Журналисты только добродушно посмеялись, когда она стала перечислять свои домашние припасы, пошутили насчет курицы, без которой когда-то ни один русский провинциальный житель не отправлялся в дорогу.

Но, между прочим, когда девушка-официантка прикатила на тележке поднос с горячими сосисками, румяными булочками, нарезанными на ровные кружочки помидорами, высоким кофейником, из носика которого исходил легкий прозрачный пар, и у журналистов при виде этого взыграл аппетит, и по их просьбе официантка принесла сосисок и на их долю, а заодно и бутылку коньяку, и они выпили за прибытие Прасковьи Антоновны в столицу и вмиг уничтожили ресторанные сосиски, даже наполовину не утолив своего голода, – осмеянная ими курица Прасковьи Антоновны пришлась очень кстати, а заодно и капустные пирожки Олимпиады Григорьевны. Журналисты дружно хвалили и не могли нахвалить их добротные провинциальные качества, вспоминая при этом, как умеют готовить пироги и пирожки их мамы и какая это радость – в свои редкие приезды на родину, к старикам родителям, отведать домашней, любимой с детства, еды.

Разговоры пошли совсем житейские, стало видно, что журналисты при всем их столичном облике люди совсем простые, обычные, им явно в удовольствие это неурочное, под завтрак Прасковьи Антоновны, застолье – с грузинским коньячком, вольными, где в шутку, где всерьез, разговорами, воспоминаниями о домашнем. Прасковье Антоновне стало в их кругу как-то совсем тепло, семейно. Само собой ей вдруг вспомнились их имена, и хотя журналисты не были ровесниками ее сыну, родились позже, иные даже не захватили войны, – Прасковье Антоновне скоро уже казалось, что вовсе не недавно произошло ее знакомство с этими мужчинами, что они – тоже из числа старых, школьных еще, Лениных друзей. Она их давно не видела, время их изменило, их трудно узнать, но все равно это они, мальчики из Лениного детства, близкие и родные ей по их дружбе с Леней…

6

Днем журналисты наведались к Прасковье Антоновне еще раз – чтобы показать ей Кремль.

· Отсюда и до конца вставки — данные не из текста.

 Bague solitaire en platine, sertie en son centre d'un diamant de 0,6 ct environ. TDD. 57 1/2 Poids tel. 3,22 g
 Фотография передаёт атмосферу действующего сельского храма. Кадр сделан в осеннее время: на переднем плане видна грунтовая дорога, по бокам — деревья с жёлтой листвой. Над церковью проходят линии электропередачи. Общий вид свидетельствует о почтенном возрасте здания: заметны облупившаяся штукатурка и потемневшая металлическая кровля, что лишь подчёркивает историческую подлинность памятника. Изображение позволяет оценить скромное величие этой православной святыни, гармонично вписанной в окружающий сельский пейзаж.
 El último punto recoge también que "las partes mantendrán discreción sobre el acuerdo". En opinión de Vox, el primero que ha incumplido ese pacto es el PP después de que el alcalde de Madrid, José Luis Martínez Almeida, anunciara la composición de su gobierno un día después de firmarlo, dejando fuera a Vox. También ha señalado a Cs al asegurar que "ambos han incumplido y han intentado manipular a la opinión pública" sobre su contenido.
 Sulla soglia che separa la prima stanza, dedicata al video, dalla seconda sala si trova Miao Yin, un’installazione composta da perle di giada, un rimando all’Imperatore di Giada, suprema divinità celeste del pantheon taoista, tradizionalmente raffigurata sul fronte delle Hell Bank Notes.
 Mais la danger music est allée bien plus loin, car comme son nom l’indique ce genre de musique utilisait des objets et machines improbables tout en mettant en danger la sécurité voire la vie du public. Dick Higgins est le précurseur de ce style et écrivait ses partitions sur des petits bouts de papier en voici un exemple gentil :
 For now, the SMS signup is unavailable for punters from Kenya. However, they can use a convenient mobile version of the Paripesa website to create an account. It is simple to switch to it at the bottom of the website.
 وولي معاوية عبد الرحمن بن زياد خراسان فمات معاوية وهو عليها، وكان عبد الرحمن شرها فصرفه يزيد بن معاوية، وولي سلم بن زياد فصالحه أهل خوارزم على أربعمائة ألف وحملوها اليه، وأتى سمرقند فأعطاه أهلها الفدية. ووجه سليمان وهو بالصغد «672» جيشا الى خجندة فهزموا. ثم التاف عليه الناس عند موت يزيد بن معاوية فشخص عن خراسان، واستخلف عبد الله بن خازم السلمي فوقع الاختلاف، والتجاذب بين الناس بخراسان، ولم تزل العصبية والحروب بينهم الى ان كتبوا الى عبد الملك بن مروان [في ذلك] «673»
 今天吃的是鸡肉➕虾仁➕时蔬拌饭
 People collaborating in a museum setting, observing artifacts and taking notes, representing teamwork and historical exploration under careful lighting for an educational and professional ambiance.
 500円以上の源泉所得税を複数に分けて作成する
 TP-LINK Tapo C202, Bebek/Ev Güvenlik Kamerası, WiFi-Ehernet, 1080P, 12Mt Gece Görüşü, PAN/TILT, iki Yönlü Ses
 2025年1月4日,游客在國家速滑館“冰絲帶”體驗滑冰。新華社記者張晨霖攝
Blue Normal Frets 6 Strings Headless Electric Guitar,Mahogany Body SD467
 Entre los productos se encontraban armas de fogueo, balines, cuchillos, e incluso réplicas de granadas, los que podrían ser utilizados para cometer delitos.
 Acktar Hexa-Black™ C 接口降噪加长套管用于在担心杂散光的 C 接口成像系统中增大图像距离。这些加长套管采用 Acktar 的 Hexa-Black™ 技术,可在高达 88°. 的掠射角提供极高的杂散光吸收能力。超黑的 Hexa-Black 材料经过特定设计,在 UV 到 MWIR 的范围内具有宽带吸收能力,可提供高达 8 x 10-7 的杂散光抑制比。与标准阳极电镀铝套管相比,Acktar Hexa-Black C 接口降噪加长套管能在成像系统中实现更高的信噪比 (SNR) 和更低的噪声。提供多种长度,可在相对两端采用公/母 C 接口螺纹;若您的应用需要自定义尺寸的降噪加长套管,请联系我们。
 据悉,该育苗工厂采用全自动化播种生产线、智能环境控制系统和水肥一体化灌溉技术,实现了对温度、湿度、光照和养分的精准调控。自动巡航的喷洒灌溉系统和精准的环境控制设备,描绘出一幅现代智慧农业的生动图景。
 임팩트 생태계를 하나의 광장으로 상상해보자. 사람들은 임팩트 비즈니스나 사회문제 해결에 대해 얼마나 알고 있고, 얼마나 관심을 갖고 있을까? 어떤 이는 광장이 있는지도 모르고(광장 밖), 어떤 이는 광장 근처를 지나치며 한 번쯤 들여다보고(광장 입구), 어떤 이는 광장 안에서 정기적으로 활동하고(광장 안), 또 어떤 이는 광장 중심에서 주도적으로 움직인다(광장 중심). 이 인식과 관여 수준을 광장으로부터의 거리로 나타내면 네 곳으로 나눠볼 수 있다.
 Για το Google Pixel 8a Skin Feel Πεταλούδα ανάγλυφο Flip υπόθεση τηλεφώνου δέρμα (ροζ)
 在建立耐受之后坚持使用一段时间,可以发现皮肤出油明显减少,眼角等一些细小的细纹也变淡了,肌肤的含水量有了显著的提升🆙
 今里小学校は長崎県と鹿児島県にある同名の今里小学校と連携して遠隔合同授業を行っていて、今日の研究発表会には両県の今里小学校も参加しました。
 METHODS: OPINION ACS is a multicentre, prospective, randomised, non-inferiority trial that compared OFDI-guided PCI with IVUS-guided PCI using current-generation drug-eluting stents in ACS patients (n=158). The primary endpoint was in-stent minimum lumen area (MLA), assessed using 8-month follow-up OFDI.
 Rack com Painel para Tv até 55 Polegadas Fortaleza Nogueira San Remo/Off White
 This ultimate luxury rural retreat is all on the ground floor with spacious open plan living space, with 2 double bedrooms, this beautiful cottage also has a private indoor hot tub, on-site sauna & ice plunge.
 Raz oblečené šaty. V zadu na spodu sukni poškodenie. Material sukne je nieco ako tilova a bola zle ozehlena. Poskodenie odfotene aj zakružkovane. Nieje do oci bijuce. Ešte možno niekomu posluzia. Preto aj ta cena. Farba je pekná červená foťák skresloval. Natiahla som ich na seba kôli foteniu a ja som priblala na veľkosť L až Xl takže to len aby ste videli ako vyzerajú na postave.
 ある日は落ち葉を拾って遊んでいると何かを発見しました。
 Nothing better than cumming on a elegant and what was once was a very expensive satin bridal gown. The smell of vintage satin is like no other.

Прасковья Антоновна постояла перед Мавзолеем, в толпе людей, так же, как она, приехавших издалека, впервые посетивших Москву. Потом журналисты провели ее за Кремлевскую стену, на площадь, где стоят царь-колокол и царь-пушка. Прасковья Антоновна посмотрела и на колокол, и на пушку, и на прямую, тонкую, как свеча, колокольню Ивана Великого, и на ступени древних московских соборов, истертые множеством прошедших по ним ног. Величина колокола и пушки была удивительна, соборы – торжественны и подавляли веявшим от них духом древности, но самым удивительным Прасковье Антоновне было то, что ее глаза видят все это, что она тут, рядом со всем тем, что всю жизнь свою видела только на фотографиях и рисунках и не ожидала когда-либо увидеть воочию.

К вечеру она вернулась в гостиницу. Ноги ее болели, налились тяжестью, надо было хорошенько отдохнуть, поскорее лечь в постель, потому что самолет на Париж полетит в восемь утра, а Таня заедет в шесть.

Ночь над Москвой была не черной: какой-то непонятный, местами светло-лиловый, местами желтый сумрак висел над городом, готовый, казалось, вот-вот истаять и вовсе улететь прочь. Малиново рдели звезды на кремлевских башнях; даже ярче, чем днем, светилось золото куполов, освещенных где-то спрятанными прожекторами. А за Кремлем, за его башнями и куполами, широко простершись по горизонту, мерцая, сверкали россыпи бесчисленного множества огней.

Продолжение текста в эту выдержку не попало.